The key point is to learn from the cable industry where they too had faced this very same problem with the headends not keeping up with the rate cable modems installations. Many started complaining of slowdowns during peak hours and they are not getting close to their subscribed speeds.
Eventually they learn from their mistakes and solved the issue by creating more "mini nodes" to spread things out more evenly by means of effective rationalizing.
In the case of passive networks the same move can be done by increasing more OLT ports, buying more miniaturized OLTs and decreasing split ratios. But before you do that, don't you think the architecture of active switches were better suited for such situations? You are better organized and ready to serve with packages beyond 1gbps with dedicated active ports than you do with passive networks.Would you buy an expensive cabinet sized OLTs just to do few hundred lines? Better spend your extra on the core routing and transport.
I can count my dedicated active ports better with a 10GE than an expensive OLT with a single GPON line card with many logical connections over shared lines.
A monster still needs a matching digestive tract to suit its appetite.
We have to consider our options resonably that 1GE and 10GE are the only mainstream options for uplinks. 100GE is ready but equipments are still expensive. Why would you spent on a big box that claims a capacity which its backhaul can't keep up?

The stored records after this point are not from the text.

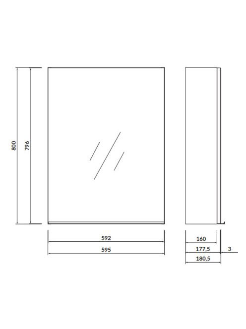 Cersanit Virgo szürkés tölgy tükrös szekrény 60, fekete foga
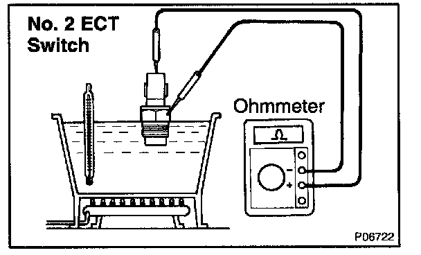 a. Using an ohmmeter, check that there is no continuity between the terminals when the coolant temperature is above 98 °C (208 °F).
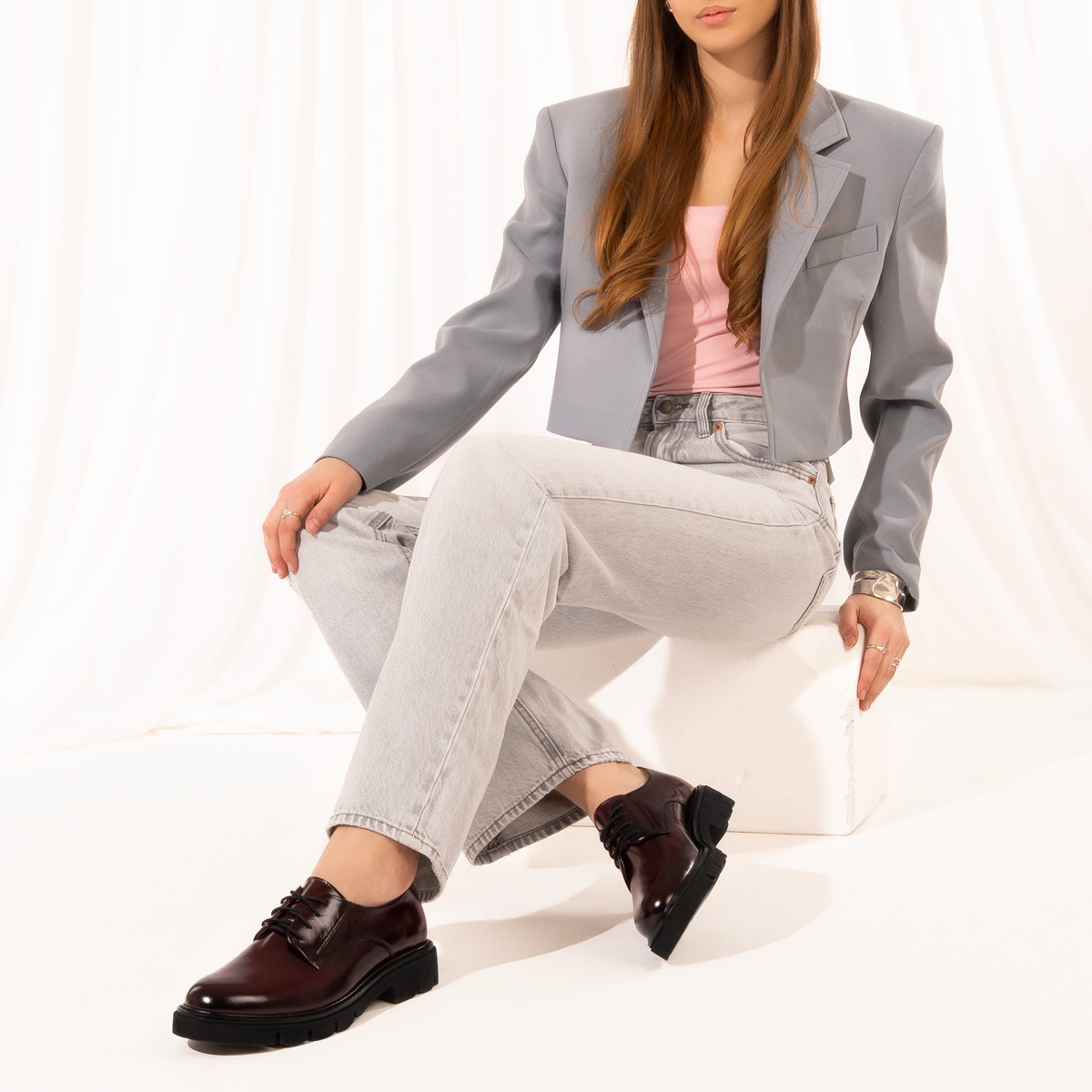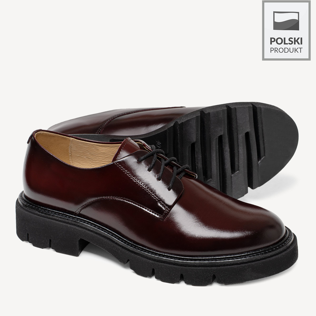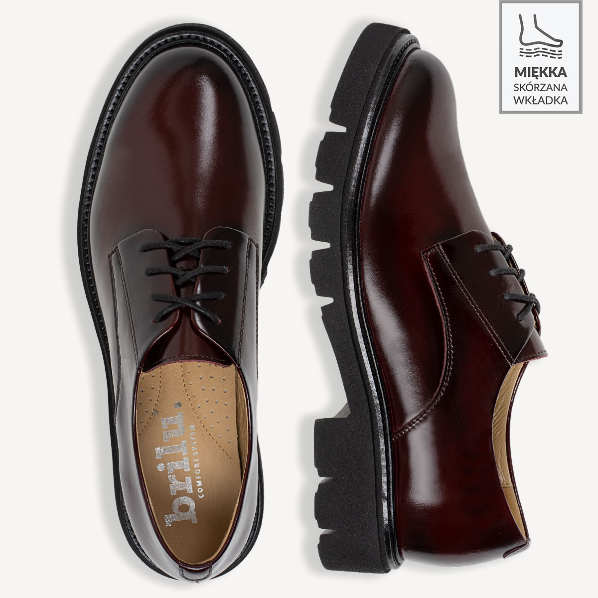 Skórzane sznurowane półbuty damskie Indigo bordowe
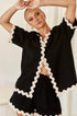 Düz gömlek bluz ve kontrast yama işi ile yüksek bel geniş bacak şortundan oluşan düz monoton setimiz kesinlikle dikkat çekicidir. Yaz setleri tüm yıl boyunca en çok satan saatlerdir. Günlük bir etkinlik olan bu geceki buluşmada baskılı desenli yaka ve kollar, genel görünümün estetiğine sadece bir dokunuş katıyor.
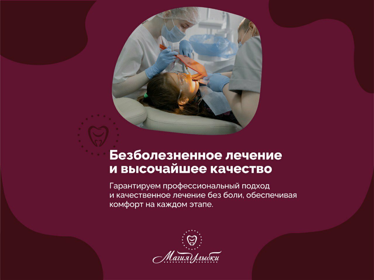 - Качественное лечение зубов без боли.
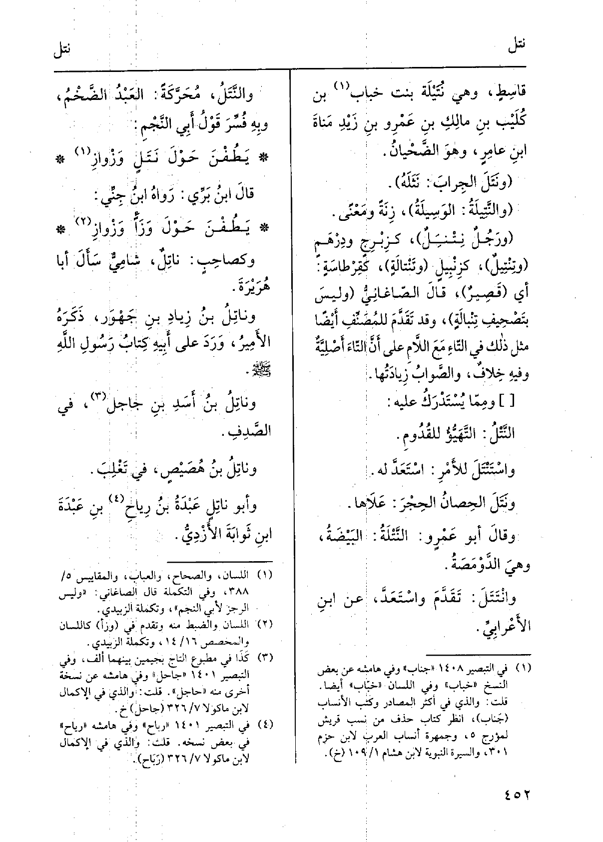 مَعَ اللامِ على أَن التاءَ أصليّةٌ وَفِيه خِلافٌ، والصوابُ زيادَتُها. ومِمّا يُسْتَدْرَك عَلَيْهِ: النَّتْل: التهيُّؤُ للقُدوم. واسْتَنْتَلَ للأمرِ: استعدَّ لَهُ. وَنَتَلَ الحصانُ الحِجْرَ: عَلاها. وَقَالَ أَبُو عمروٍ: النَّتْلَة: البَيْضة، وَهِي الدَّوْمَصة. وانْتَتَل: تقدّمَ واستعدَّ، عَن ابْن الأَعْرابِيّ. والنَّتْل، مُحَرَّكَةً: العبدُ الضخمُ، وَبِه فُسِّرَ قَوْلُ أبي النَّجم: يَطُفْنَ حَوْلَ نَتَلٍ وَزْوَازِ قَالَ ابنُ بَرِّي: رَوَاهُ ابنُ جِنِّي: يَطُفْنَ حَوْلَ وَزَأٍ وَزْوَازِ وكصاحبٍ: ناتِلٌ، شامِيٌّ سَأَلَ أَبَا هُرَيْرةَ. وناتِلُ بن زيادِ بن جَهْوَر، ذَكَرَه الأميرُ، وَرَدَ على أَبِيه كتابُ رسولِ اللهِ صلّى الله عَلَيْهِ وسلَّم. وناتِلُ بن أسَدِ بن جاجل، فِي الصَّدِفِ. وناتِلُ بن هُصَيْصٍ، فِي تَغْلِبَ. وَأَبُو ناتِلٍ عَبْدَةُ بنُ رياحِ بن عَبْدَةَ بنِ ثَوابَةَ الأَزْدِيُّ.
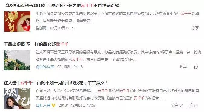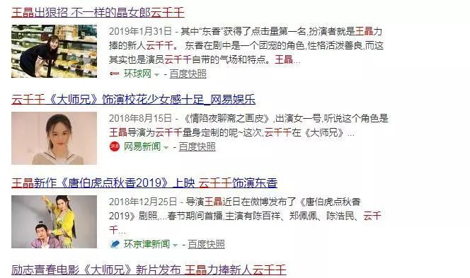 misshk發現由王晶導演或監製的眾多作品中,雲千千的身影多次出現,比如不久前剛上線的網路電影《唐伯虎點秋香2019》,雲千千就在其中飾演東香。

Fiber is not an issue with economics of scale. It's going to get cheaper since silica is plenty to be found in the ground. Manufacturing process improvements will only lower manufacturing cost over time till it becomes cheaper than copper one day. For new ISPs building new infrastructures, it's best they keep solely to Ethernet to simplify their setup. TDM and ATM should be phased out entirely for modern NGNs.With IPTV, very few service providers are using the RF overlay option for their cable tv services.